Yes, not-so-deep down we know that it’s not good for us. But for me, young me, Halloween was the one day in a year where I could dress as ridiculously, lazily “sexy” as I wanted to, and didn’t have to apologize. My idea of what makes me, or anyone else, sexy has evolved, but I don’t feel the need to be ashamed for what it used to be. I don’t feel the right to tell these 90’s babies that they’re wrong, either.

I’m not saying that the “Halloween slut machine,” as the mentioned article calls it, is anything close to perfect. I object to the shady, abusive manufacturing conditions such cheap seasonal merchandise comes from, as evidenced by this horrifying story from 2012. No woman should ever feel she has to dress sexy or slutty to fit in; a short skirt and platforms should only be one choice on an entire spectrum of fashion expression. And these costumes should never, ever be manufactured and sold in juniors or pre-teen sizes. Consenting adults only.

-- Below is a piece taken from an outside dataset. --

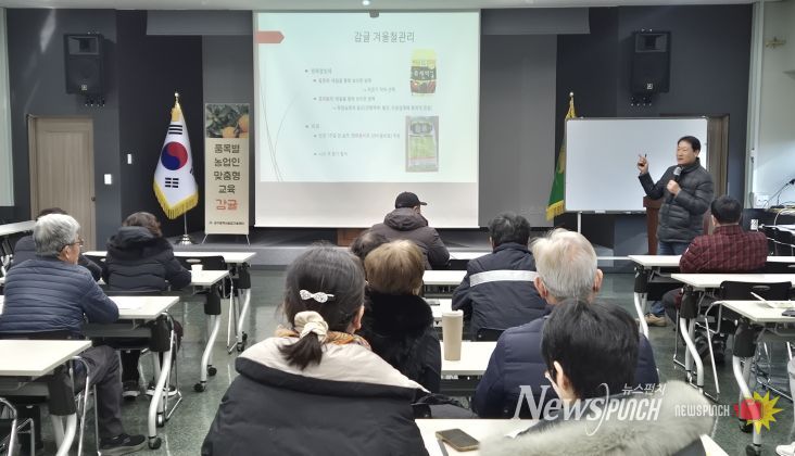 뉴스펀치 조평훈 기자 | 대구광역시농업기술센터는 지난 1월 20일 대구 지역 감귤 재배농가 24명을 대상으로 고품질 감귤 생산을 위한 ‘겨울철 감귤 재배 관리 교육 및 전정 기술 교육’을 실시했다.

But when adult women are making choices on what to wear for Halloween, one girl’s sexed up Elsa doesn’t ruin my Crazy Cat Lady time. A costume is a chance to play, to be something we’d never want or dare for one night. We can all enjoy our own preference without slamming the weight of collapsing civilization on Slutty Alice in Wonderland’s shoulders.


3 thoughts on “In Defense of the Slutty Costume

  1. Good point in noting the difference between choosing adult appropriate sluttiness and being force-fed sluttiness, or having it trickle down to teens and children. There’s a delicate balance to debauchery, and when you’ve got people dressing as slutty ISIS or slutty Ebola nurses, and every women’s costume at the party store is made by Playboy with no other options, you know you’ve gone too far and the world is ending. I did appreciate some of the ironic slutty costumes this year, like slutty Antonin Scalia. That was hilarious and surprisingly sexy.


  2. “A costume is a chance to play, to be something we’d never want or dare for one night.” That is so true! I really enjoyed this, and it made me rethink slutty costumes. I also appreciated your complaint about cheaply-made costumes. When I was growing up, my mother always sewed my costumes because she wanted me to have something nice, made of real fabric, with lovingly-crafted details. I still appreciate that.